De la viande pour le disco

Critique de The Legend of Zelda: Tears of The Kingdom (Nintendo EPD et Monolith Soft, 2023)

Verso de la pochette du disque "I Feel Love (Special New Version) (15 Min Remix By Patrick Cowley)" de Donna Summer

En cherchant des critiques négatives de l’exceptionnel Breath of the Wild, la plus convaincante que j’aie trouvée était une vidéo de 2 heures de Joseph Anderson intitulée « Not Enough Zelda ». Je ne serais pas surpris qu’en jouant à la suite de Breath of the Wild, Anderson en arrive à la même conclusion. Plutôt que d’être, comme je m’étais laissé l’imaginer ces six dernières années, un ajustement de sa formule novatrice (en gros : Minecraft) pour incorporer les mécaniques où les anciens Zelda s’en sortaient le mieux, Tears of the Kingdom fait l’inverse et capitalise sur ce qui faisait sa force, quitte à se traîner les mêmes faiblesses. Le scénario pour commencer : c’est assez délirant de réaliser que six ans après, c’est toujours les PNJ muets générés à partir de Mii qui sont plus intéressants que les protagonistes doublés par des acteurs, encore coincés dans des flashbacks discounts parce que c’est le prix à payer pour la non-linéarité, faut-il croire. M’est avis que l’intrigue du jeu se prêtait pourtant bien à une narration à la Outer Wilds (Mobius Digital, 2019), qui est non linéaire et bien faite, mais passons. (Et les donjons sont toujours bof)

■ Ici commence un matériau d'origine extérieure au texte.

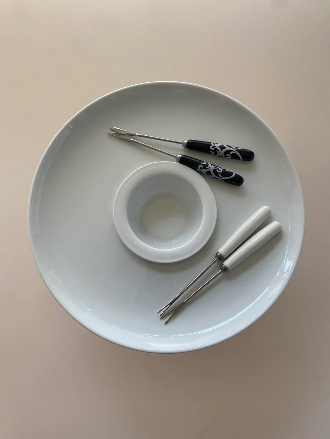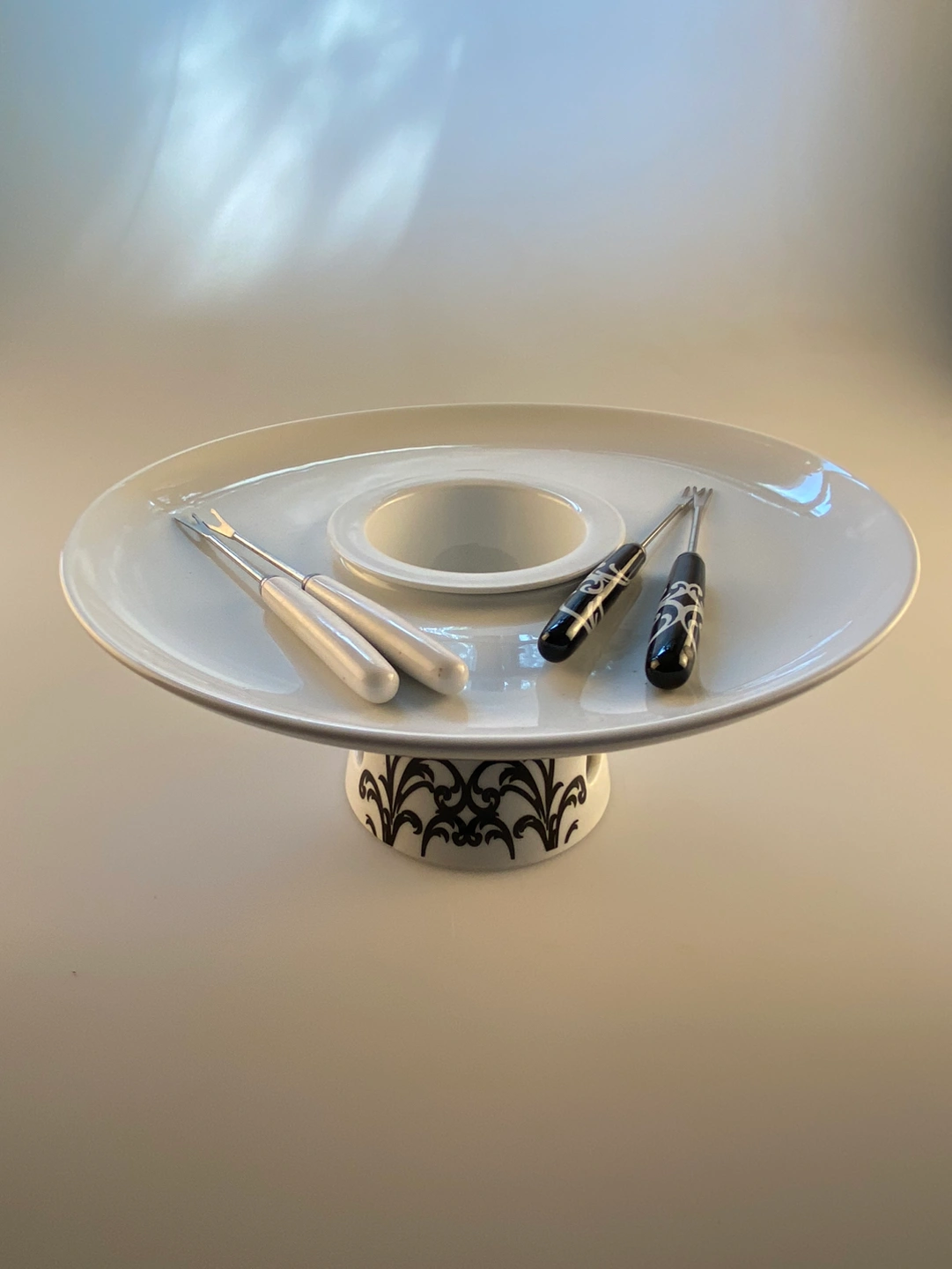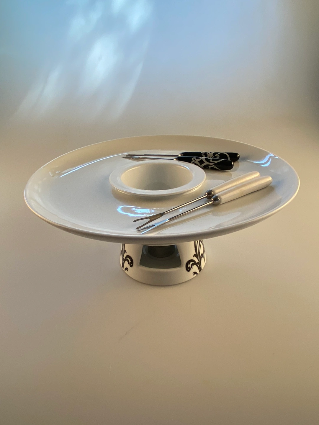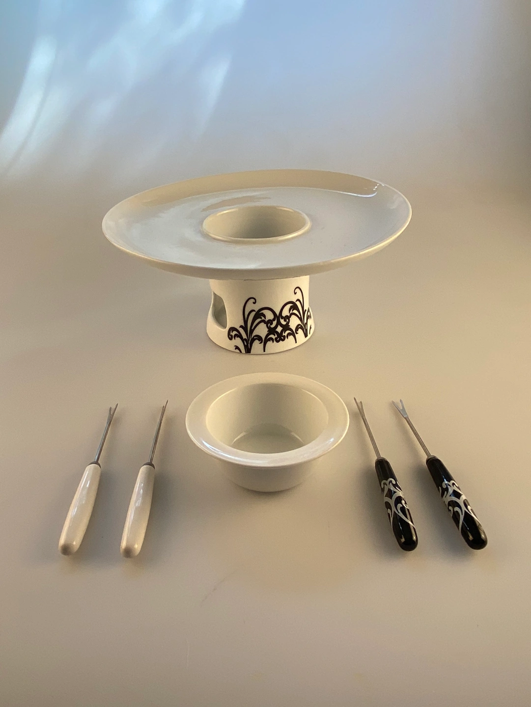 Rare new white & black pedestal fondue set from Wildly Delicious. Comes with 4 fondue forks and a removable bowl. Keep you fondue warm with a lit candle under the base. The top of the stand diameter is around 11.5”, the bottom of the stand diameter is around 4.75”. The bowl insert measures 4.5” at the top, 2.5” at the bottom, and is around 2” deep. Has a tiny wobble. I believe it’s ceramic, but it could be porcelain. The original box is missing, but I can wrap it in a box if you’d like.

Les autres problèmes du jeu sont heureusement amoindris par ses trois principales nouveautés, qui sont en réalité d’habiles expansions de mécaniques présentes dans BotW. L’assemblage de véhicules, en plus de ravir petits et grands, donne un nouveau souffle bienvenu aux sanctuaires, qui sans quoi fonctionnent exactement sur le même principe qu’avant (en gros : Portal). Le sertissage des armes valorise grandement le loot, fait monter la puissance offensive (et donc le niveau des ennemis) plus vite, et compense la frustration de casser une arme puissante en permettant d’en bricoler une autre dans la foulée. Et surtout, le doublement du terrain de jeu (en gros : Elden Ring), conjugué avec les chutes libres (en gros : Fortnite) et les nouvelles interactions saupoudrées çà et là pour combler les vides de BoTW, refait gonfler ce qui reste à mes yeux le cœur de la formule : le pyrénéisme. Ça n’a pas loupé : j’ai encore passé cent heures à déambuler dans un monde que je pensais connaître par cœur, à grimper à toutes les montages et à éclairer toutes les grottes, et c’était génial.

On n’a pas fini de se pâmer sur les exploits de game design de TotK, sur cette virtuosité qui va influencer toute la production dans les années à venir, comme on l’a fait pour Mario Odyssey avant lui, et vous savez ce que j’en pense de Mario Odyssey. Yep, ce Zelda “marche”, cette remix 12 pouces de Breath of the Wild nous garantit de danser jusqu’au bout de la nuit, mais je continue à croire qu’il reste des forces que les Zelda traditionnels avaient et que cette formule parfaite n’exploite pas, si toutefois elle est en mesure de les exploiter. Je rêve de plus d’architecture, plus de mystère, plus de frousse, plus d’enjeu. Quitte à malmener les axiomes, à ne plus laisser autant la liberté au joueur de casser le jeu à chaque instant. En d’autres termes, quelque chose de plus Zelda.